What to produce
Only the pictures should be dropped; copy the rest of the entries exactly.

*** Source material ***

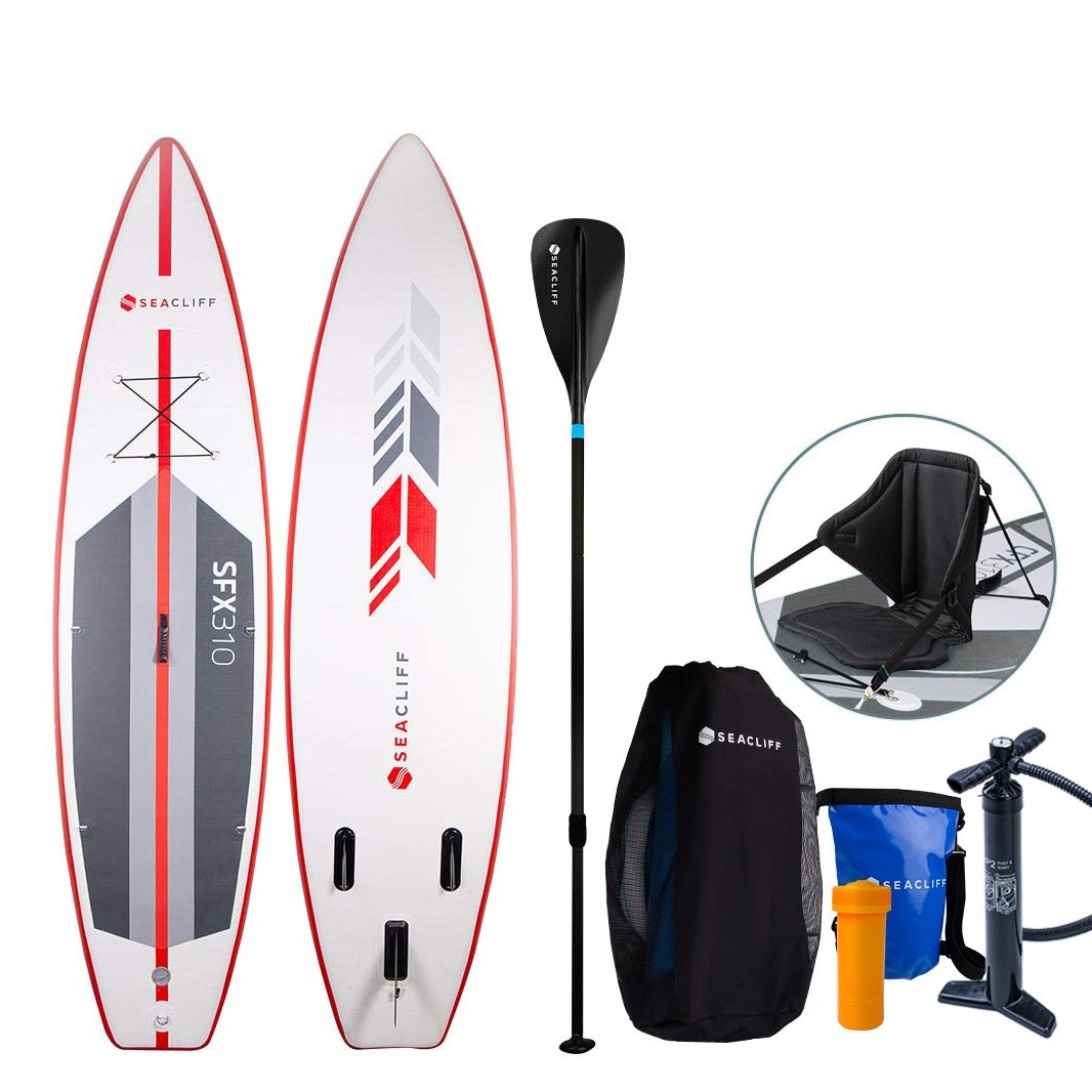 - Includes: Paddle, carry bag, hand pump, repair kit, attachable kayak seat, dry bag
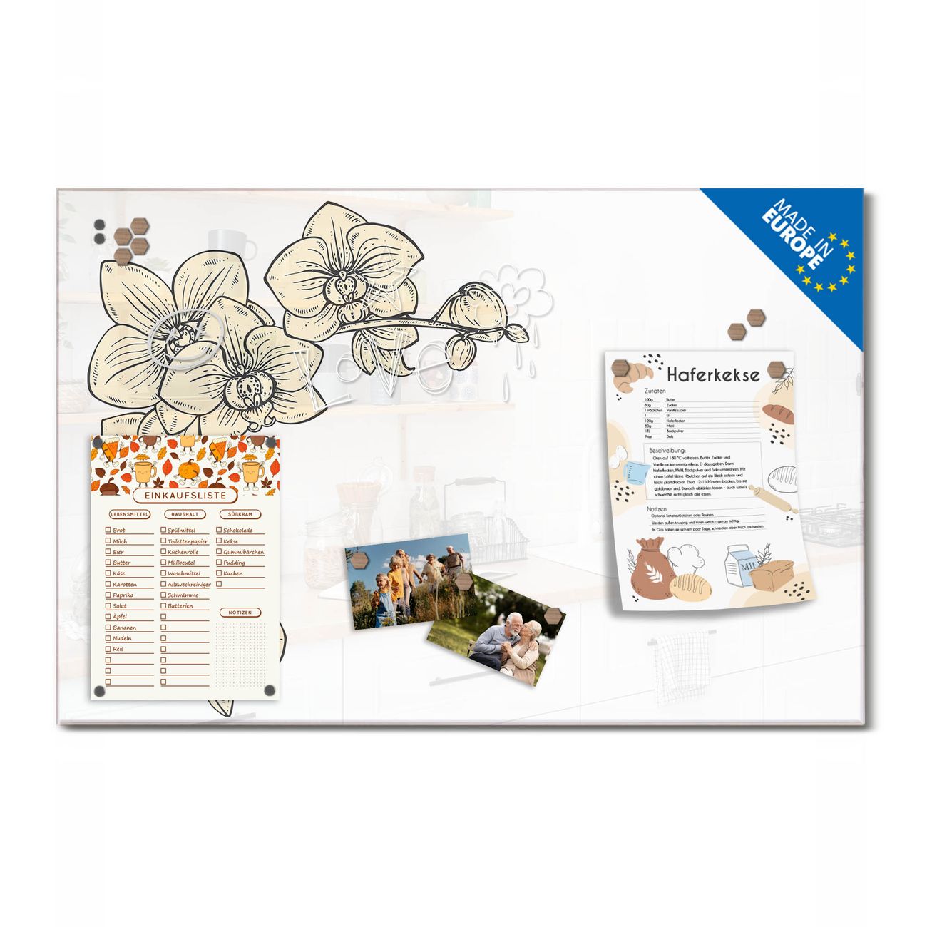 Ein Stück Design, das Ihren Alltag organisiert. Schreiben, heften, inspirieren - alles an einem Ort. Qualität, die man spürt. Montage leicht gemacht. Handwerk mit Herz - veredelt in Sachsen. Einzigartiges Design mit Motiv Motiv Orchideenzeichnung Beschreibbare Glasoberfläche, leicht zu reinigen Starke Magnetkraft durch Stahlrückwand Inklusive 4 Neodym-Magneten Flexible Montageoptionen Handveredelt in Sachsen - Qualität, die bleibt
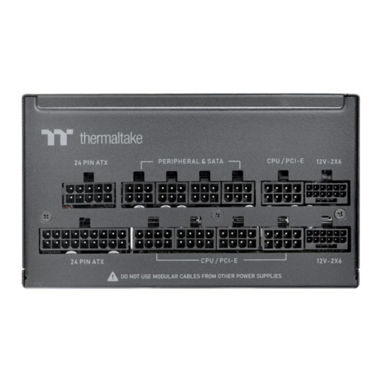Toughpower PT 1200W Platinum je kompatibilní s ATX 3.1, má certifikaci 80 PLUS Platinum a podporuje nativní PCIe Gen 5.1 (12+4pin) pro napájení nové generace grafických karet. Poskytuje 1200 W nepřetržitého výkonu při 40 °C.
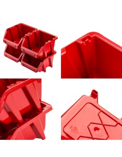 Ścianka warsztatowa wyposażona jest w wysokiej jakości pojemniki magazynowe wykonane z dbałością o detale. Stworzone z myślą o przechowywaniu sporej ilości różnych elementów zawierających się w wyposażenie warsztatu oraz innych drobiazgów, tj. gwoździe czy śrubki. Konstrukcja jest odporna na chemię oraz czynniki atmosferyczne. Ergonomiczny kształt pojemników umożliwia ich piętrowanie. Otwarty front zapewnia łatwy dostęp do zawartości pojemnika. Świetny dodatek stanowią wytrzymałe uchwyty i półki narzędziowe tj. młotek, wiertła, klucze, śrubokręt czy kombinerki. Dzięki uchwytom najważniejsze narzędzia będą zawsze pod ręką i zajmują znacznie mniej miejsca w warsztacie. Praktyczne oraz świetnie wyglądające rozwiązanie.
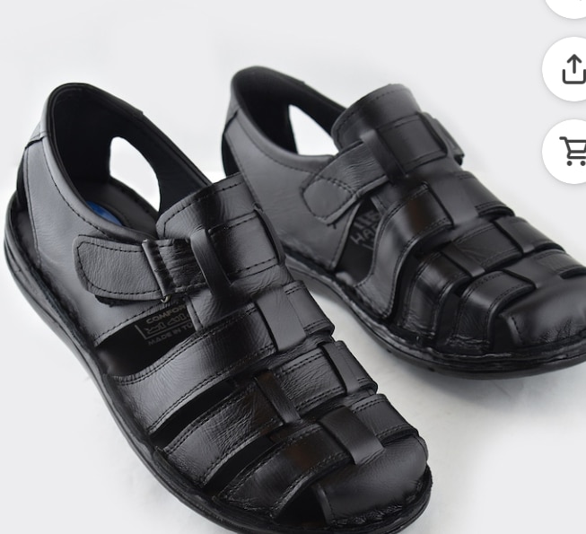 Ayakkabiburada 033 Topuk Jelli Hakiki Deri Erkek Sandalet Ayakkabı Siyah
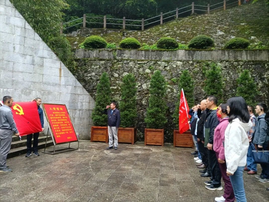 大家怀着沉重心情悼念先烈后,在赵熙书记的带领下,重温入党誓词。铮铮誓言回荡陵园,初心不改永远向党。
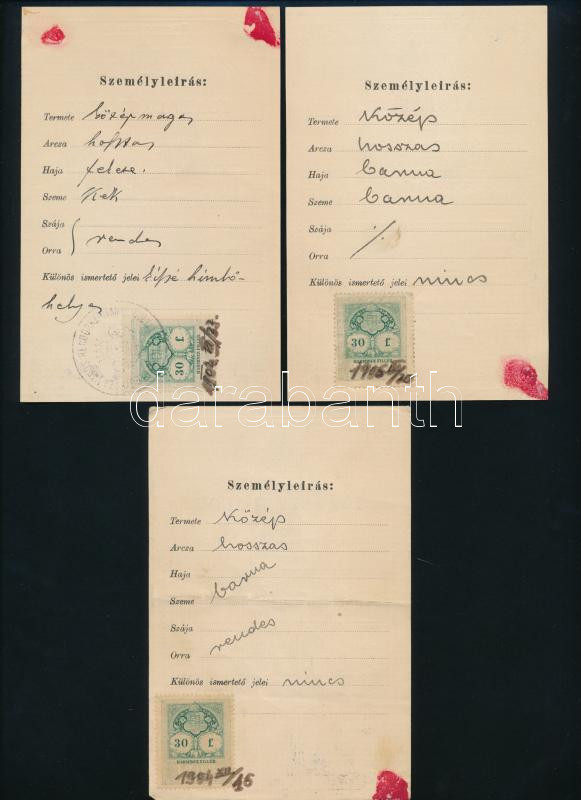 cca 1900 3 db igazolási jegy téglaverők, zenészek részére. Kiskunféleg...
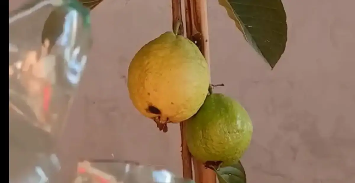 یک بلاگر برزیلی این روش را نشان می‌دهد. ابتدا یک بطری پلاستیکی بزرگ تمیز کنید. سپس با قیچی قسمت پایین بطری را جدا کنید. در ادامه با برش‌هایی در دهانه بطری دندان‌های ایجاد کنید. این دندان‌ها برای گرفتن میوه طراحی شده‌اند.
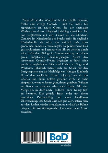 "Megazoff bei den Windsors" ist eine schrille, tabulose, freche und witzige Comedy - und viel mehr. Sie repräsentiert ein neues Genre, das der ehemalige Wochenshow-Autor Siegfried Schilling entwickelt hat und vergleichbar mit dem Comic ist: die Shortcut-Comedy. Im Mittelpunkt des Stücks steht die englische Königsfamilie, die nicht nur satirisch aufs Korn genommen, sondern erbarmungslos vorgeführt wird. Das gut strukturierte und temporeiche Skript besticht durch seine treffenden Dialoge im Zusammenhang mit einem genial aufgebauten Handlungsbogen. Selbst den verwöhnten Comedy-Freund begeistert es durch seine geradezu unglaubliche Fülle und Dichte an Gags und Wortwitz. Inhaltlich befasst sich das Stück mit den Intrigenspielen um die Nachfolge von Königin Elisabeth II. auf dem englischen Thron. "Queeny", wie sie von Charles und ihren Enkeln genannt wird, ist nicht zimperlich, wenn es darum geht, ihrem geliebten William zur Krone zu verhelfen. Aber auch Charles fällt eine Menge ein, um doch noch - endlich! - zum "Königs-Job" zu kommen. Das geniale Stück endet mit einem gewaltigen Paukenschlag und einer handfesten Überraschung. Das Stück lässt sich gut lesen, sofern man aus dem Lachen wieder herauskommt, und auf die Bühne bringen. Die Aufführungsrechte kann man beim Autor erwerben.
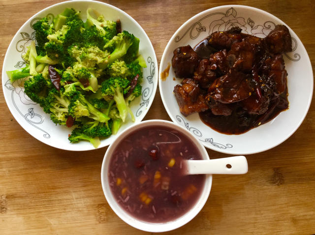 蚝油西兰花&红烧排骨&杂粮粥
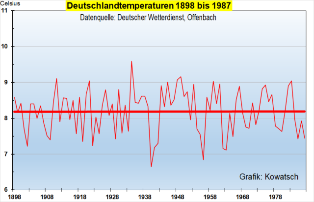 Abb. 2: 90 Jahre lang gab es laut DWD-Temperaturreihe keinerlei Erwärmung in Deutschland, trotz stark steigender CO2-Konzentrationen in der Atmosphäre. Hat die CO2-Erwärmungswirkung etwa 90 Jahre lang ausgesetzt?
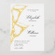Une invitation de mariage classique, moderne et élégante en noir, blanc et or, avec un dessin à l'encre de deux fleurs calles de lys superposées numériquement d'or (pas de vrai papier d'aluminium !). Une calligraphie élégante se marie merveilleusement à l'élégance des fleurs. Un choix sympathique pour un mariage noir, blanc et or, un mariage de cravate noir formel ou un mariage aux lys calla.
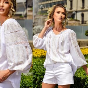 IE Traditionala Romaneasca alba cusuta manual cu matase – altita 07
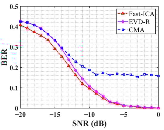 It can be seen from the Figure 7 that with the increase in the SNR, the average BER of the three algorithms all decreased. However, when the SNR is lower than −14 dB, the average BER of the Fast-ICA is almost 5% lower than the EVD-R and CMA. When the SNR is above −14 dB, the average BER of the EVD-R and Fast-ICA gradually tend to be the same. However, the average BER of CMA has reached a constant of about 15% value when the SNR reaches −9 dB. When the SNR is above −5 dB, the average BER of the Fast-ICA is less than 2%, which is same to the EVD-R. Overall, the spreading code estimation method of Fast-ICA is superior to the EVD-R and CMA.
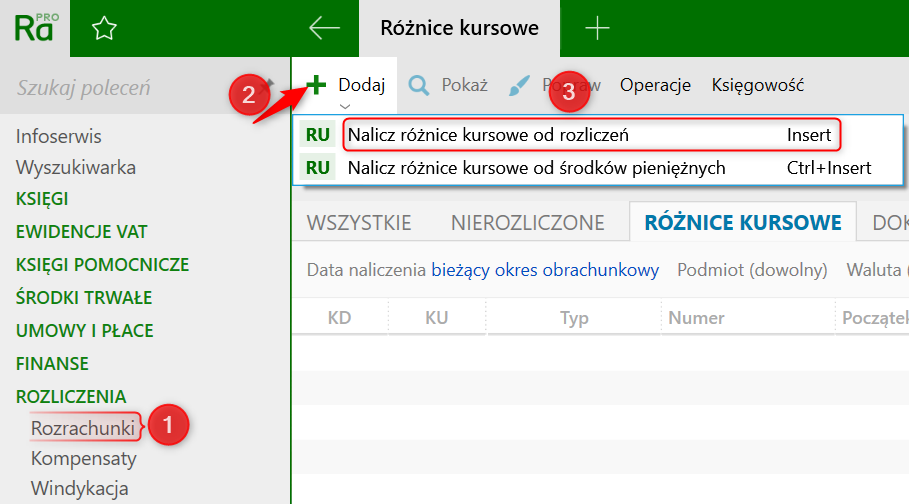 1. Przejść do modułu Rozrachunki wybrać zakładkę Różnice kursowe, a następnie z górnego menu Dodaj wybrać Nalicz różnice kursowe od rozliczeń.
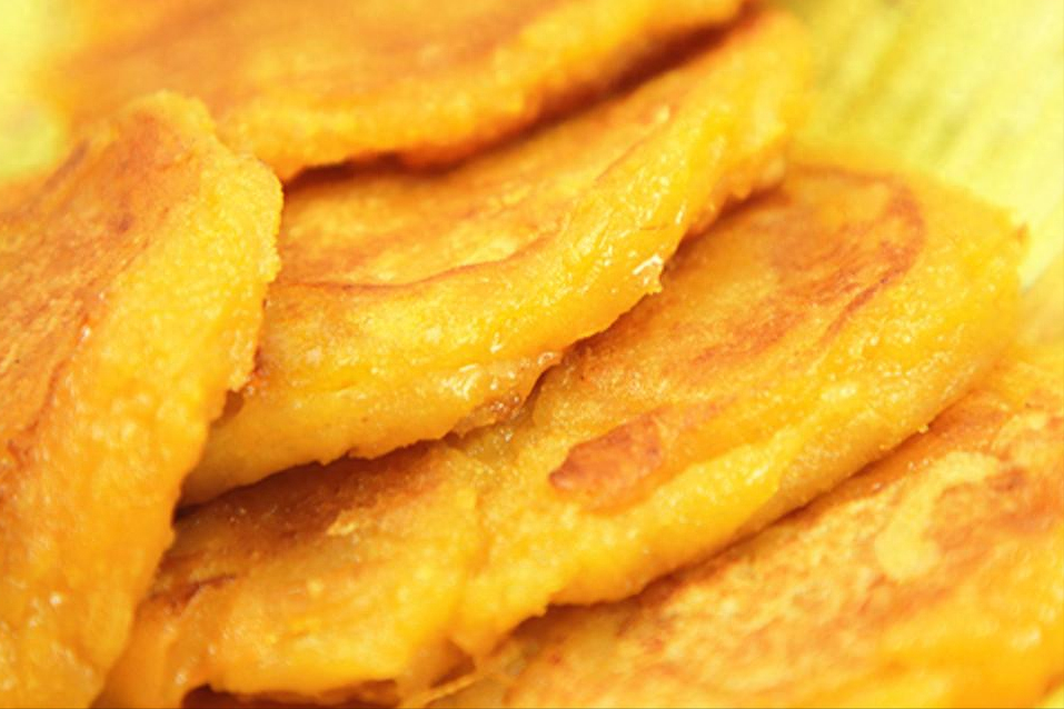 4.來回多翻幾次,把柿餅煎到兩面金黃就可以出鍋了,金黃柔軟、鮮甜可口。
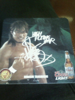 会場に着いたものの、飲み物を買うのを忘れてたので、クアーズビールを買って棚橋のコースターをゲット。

*** End of Source material ***

The answer
 - Includes: Paddle, carry bag, hand pump, repair kit, attachable kayak seat, dry bag
 Ein Stück Design, das Ihren Alltag organisiert. Schreiben, heften, inspirieren - alles an einem Ort. Qualität, die man spürt. Montage leicht gemacht. Handwerk mit Herz - veredelt in Sachsen. Einzigartiges Design mit Motiv Motiv Orchideenzeichnung Beschreibbare Glasoberfläche, leicht zu reinigen Starke Magnetkraft durch Stahlrückwand Inklusive 4 Neodym-Magneten Flexible Montageoptionen Handveredelt in Sachsen - Qualität, die bleibt
Toughpower PT 1200W Platinum je kompatibilní s ATX 3.1, má certifikaci 80 PLUS Platinum a podporuje nativní PCIe Gen 5.1 (12+4pin) pro napájení nové generace grafických karet. Poskytuje 1200 W nepřetržitého výkonu při 40 °C.
 Ścianka warsztatowa wyposażona jest w wysokiej jakości pojemniki magazynowe wykonane z dbałością o detale. Stworzone z myślą o przechowywaniu sporej ilości różnych elementów zawierających się w wyposażenie warsztatu oraz innych drobiazgów, tj. gwoździe czy śrubki. Konstrukcja jest odporna na chemię oraz czynniki atmosferyczne. Ergonomiczny kształt pojemników umożliwia ich piętrowanie. Otwarty front zapewnia łatwy dostęp do zawartości pojemnika. Świetny dodatek stanowią wytrzymałe uchwyty i półki narzędziowe tj. młotek, wiertła, klucze, śrubokręt czy kombinerki. Dzięki uchwytom najważniejsze narzędzia będą zawsze pod ręką i zajmują znacznie mniej miejsca w warsztacie. Praktyczne oraz świetnie wyglądające rozwiązanie.
 Ayakkabiburada 033 Topuk Jelli Hakiki Deri Erkek Sandalet Ayakkabı Siyah
 大家怀着沉重心情悼念先烈后,在赵熙书记的带领下,重温入党誓词。铮铮誓言回荡陵园,初心不改永远向党。
 cca 1900 3 db igazolási jegy téglaverők, zenészek részére. Kiskunféleg...
 یک بلاگر برزیلی این روش را نشان می‌دهد. ابتدا یک بطری پلاستیکی بزرگ تمیز کنید. سپس با قیچی قسمت پایین بطری را جدا کنید. در ادامه با برش‌هایی در دهانه بطری دندان‌های ایجاد کنید. این دندان‌ها برای گرفتن میوه طراحی شده‌اند.
 "Megazoff bei den Windsors" ist eine schrille, tabulose, freche und witzige Comedy - und viel mehr. Sie repräsentiert ein neues Genre, das der ehemalige Wochenshow-Autor Siegfried Schilling entwickelt hat und vergleichbar mit dem Comic ist: die Shortcut-Comedy. Im Mittelpunkt des Stücks steht die englische Königsfamilie, die nicht nur satirisch aufs Korn genommen, sondern erbarmungslos vorgeführt wird. Das gut strukturierte und temporeiche Skript besticht durch seine treffenden Dialoge im Zusammenhang mit einem genial aufgebauten Handlungsbogen. Selbst den verwöhnten Comedy-Freund begeistert es durch seine geradezu unglaubliche Fülle und Dichte an Gags und Wortwitz. Inhaltlich befasst sich das Stück mit den Intrigenspielen um die Nachfolge von Königin Elisabeth II. auf dem englischen Thron. "Queeny", wie sie von Charles und ihren Enkeln genannt wird, ist nicht zimperlich, wenn es darum geht, ihrem geliebten William zur Krone zu verhelfen. Aber auch Charles fällt eine Menge ein, um doch noch - endlich! - zum "Königs-Job" zu kommen. Das geniale Stück endet mit einem gewaltigen Paukenschlag und einer handfesten Überraschung. Das Stück lässt sich gut lesen, sofern man aus dem Lachen wieder herauskommt, und auf die Bühne bringen. Die Aufführungsrechte kann man beim Autor erwerben.
 蚝油西兰花&红烧排骨&杂粮粥
 Abb. 2: 90 Jahre lang gab es laut DWD-Temperaturreihe keinerlei Erwärmung in Deutschland, trotz stark steigender CO2-Konzentrationen in der Atmosphäre. Hat die CO2-Erwärmungswirkung etwa 90 Jahre lang ausgesetzt?
Une invitation de mariage classique, moderne et élégante en noir, blanc et or, avec un dessin à l'encre de deux fleurs calles de lys superposées numériquement d'or (pas de vrai papier d'aluminium !). Une calligraphie élégante se marie merveilleusement à l'élégance des fleurs. Un choix sympathique pour un mariage noir, blanc et or, un mariage de cravate noir formel ou un mariage aux lys calla.
 IE Traditionala Romaneasca alba cusuta manual cu matase – altita 07
 It can be seen from the Figure 7 that with the increase in the SNR, the average BER of the three algorithms all decreased. However, when the SNR is lower than −14 dB, the average BER of the Fast-ICA is almost 5% lower than the EVD-R and CMA. When the SNR is above −14 dB, the average BER of the EVD-R and Fast-ICA gradually tend to be the same. However, the average BER of CMA has reached a constant of about 15% value when the SNR reaches −9 dB. When the SNR is above −5 dB, the average BER of the Fast-ICA is less than 2%, which is same to the EVD-R. Overall, the spreading code estimation method of Fast-ICA is superior to the EVD-R and CMA.
 1. Przejść do modułu Rozrachunki wybrać zakładkę Różnice kursowe, a następnie z górnego menu Dodaj wybrać Nalicz różnice kursowe od rozliczeń.
 4.來回多翻幾次,把柿餅煎到兩面金黃就可以出鍋了,金黃柔軟、鮮甜可口。
 会場に着いたものの、飲み物を買うのを忘れてたので、クアーズビールを買って棚橋のコースターをゲット。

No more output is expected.